* [What is expected]
Exact transcription begins at the first line of the material below and ends with the line holding "Abb. 10 und"; pictures are skipped.

************

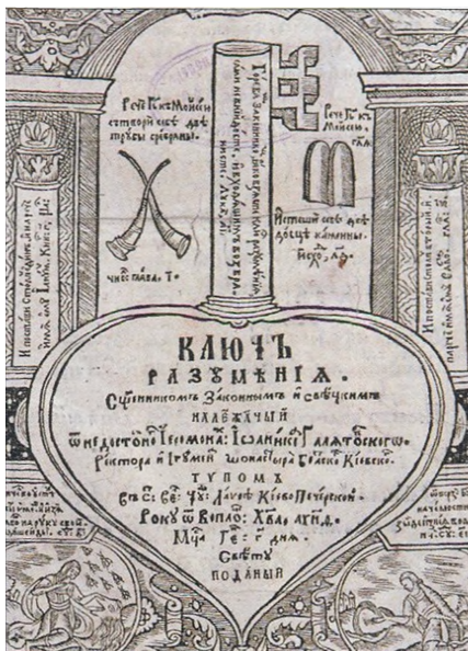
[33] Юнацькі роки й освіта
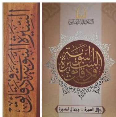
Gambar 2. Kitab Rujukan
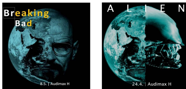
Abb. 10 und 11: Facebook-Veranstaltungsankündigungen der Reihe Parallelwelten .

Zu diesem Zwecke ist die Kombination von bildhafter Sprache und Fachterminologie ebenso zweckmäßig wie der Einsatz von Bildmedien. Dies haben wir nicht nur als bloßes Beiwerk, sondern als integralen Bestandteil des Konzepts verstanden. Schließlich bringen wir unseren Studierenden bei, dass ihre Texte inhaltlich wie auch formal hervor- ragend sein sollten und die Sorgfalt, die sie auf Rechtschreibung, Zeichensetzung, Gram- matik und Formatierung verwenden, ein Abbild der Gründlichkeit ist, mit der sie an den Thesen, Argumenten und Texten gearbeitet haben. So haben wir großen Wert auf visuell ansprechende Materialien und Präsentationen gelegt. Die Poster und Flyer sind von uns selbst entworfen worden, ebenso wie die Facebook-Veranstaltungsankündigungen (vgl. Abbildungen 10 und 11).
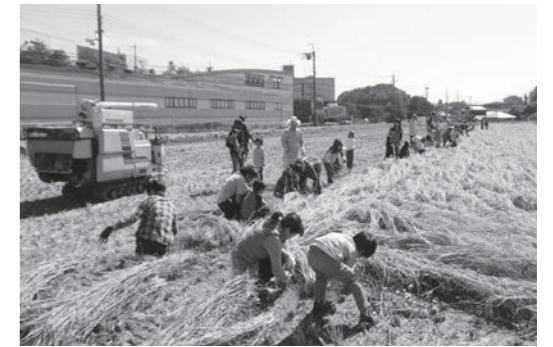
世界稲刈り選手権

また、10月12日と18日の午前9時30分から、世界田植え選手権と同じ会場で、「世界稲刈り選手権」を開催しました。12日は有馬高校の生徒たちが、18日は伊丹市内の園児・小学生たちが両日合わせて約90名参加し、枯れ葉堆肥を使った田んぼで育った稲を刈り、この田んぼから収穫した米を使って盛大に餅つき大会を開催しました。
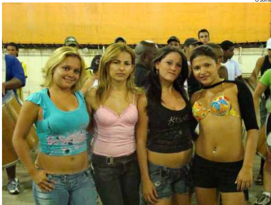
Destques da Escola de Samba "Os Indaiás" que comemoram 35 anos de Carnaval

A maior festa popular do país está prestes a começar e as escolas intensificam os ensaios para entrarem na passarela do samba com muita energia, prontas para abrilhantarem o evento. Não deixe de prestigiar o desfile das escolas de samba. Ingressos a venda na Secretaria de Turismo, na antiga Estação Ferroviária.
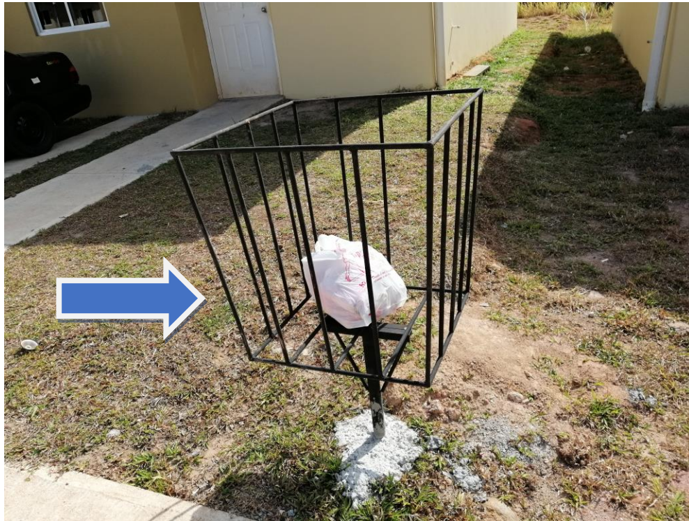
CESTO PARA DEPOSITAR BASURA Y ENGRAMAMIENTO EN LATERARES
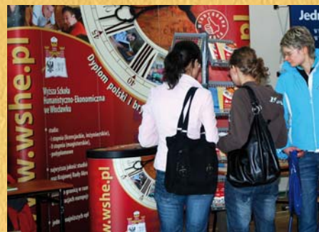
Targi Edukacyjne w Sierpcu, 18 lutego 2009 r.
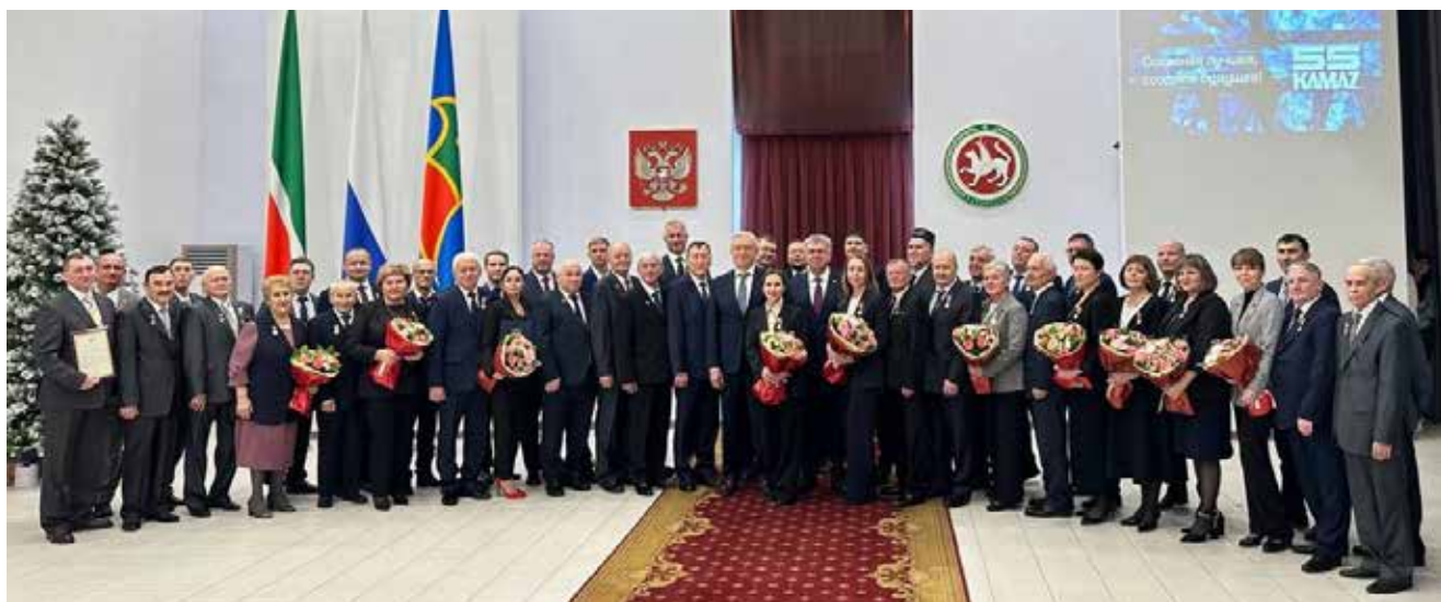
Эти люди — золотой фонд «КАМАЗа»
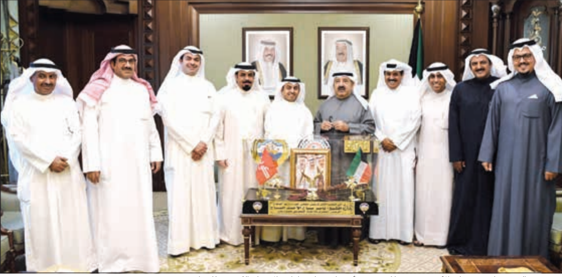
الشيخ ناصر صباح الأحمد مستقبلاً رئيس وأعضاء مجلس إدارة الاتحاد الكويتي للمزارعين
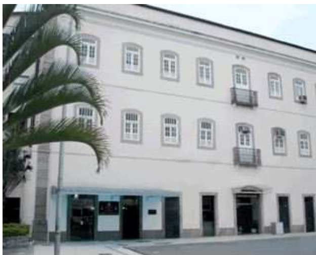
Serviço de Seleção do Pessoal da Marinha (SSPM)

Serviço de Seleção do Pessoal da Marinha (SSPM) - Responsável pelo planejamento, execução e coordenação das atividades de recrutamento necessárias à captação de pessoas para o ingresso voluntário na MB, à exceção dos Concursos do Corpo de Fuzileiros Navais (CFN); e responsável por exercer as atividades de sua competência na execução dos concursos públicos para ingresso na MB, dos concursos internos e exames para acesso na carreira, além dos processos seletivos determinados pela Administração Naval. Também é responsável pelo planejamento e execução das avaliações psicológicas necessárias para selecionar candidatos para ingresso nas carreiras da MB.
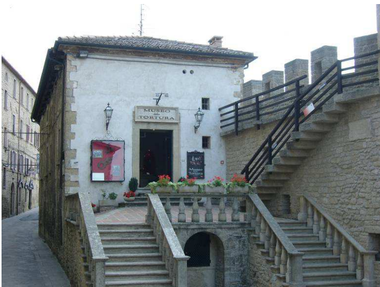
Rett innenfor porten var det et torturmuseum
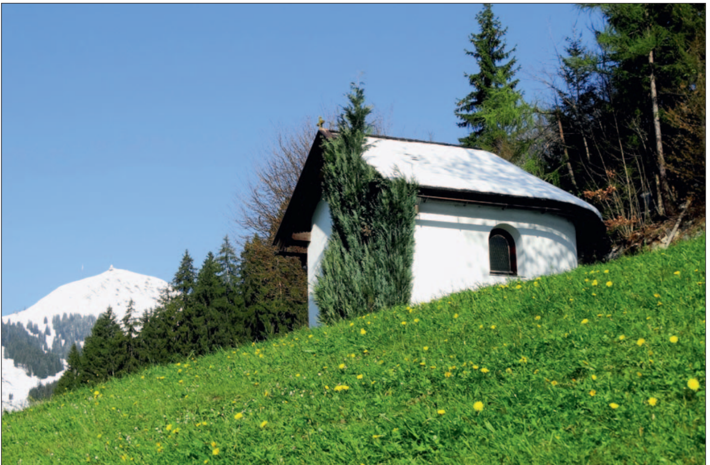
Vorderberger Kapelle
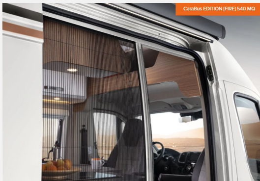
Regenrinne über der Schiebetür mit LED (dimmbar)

************

* [Result]
[33] Юнацькі роки й освіта
Gambar 2. Kitab Rujukan
Abb. 10 und 11: Facebook-Veranstaltungsankündigungen der Reihe Parallelwelten .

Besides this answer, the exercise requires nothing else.